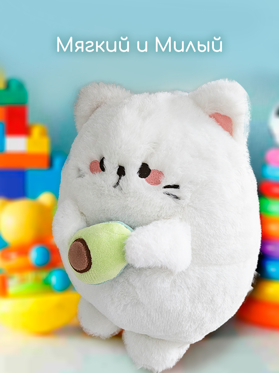 Мягкая игрушка Котик с авокадо - это не просто милый и забавный аксессуар для вашего дома, но и отличный подарок для детей и взрослых.Игрушка выполнена в виде милого белого котика с авокадо, что делает ее уникальной и запоминающейся. Размеры игрушки составляют 27 см, что позволяет комфортно держать ее в руках и обнимать, даже малышам.
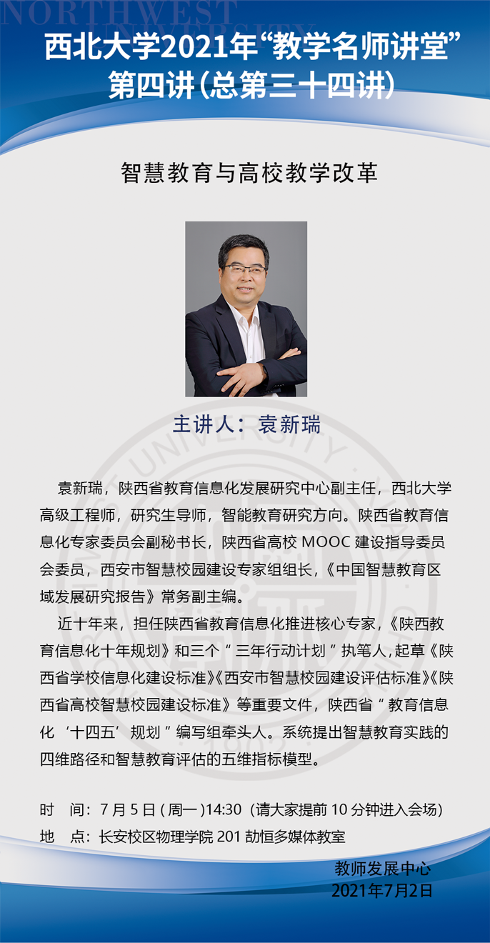 2021年教学名师讲堂第四讲 —— 智慧教育与高校教学改革
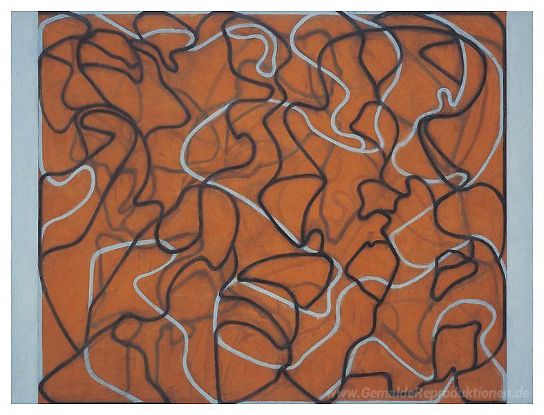Wir bieten Ihnen eine handgefertigte Reproduktion auf Leinwand des berühmten Kunstwerks 'Red Boden Schreiben' von Brice Marden, aus dem Reproduktionsmuseum.

▬▬▬

Work to complete
Retype, exactly as written, each line from the one containing "2021年教学名师讲堂第四讲 —— 智慧教育与高校教学改革" through the end of the data above, and leave out every picture.

Answer space
 2021年教学名师讲堂第四讲 —— 智慧教育与高校教学改革
Wir bieten Ihnen eine handgefertigte Reproduktion auf Leinwand des berühmten Kunstwerks 'Red Boden Schreiben' von Brice Marden, aus dem Reproduktionsmuseum.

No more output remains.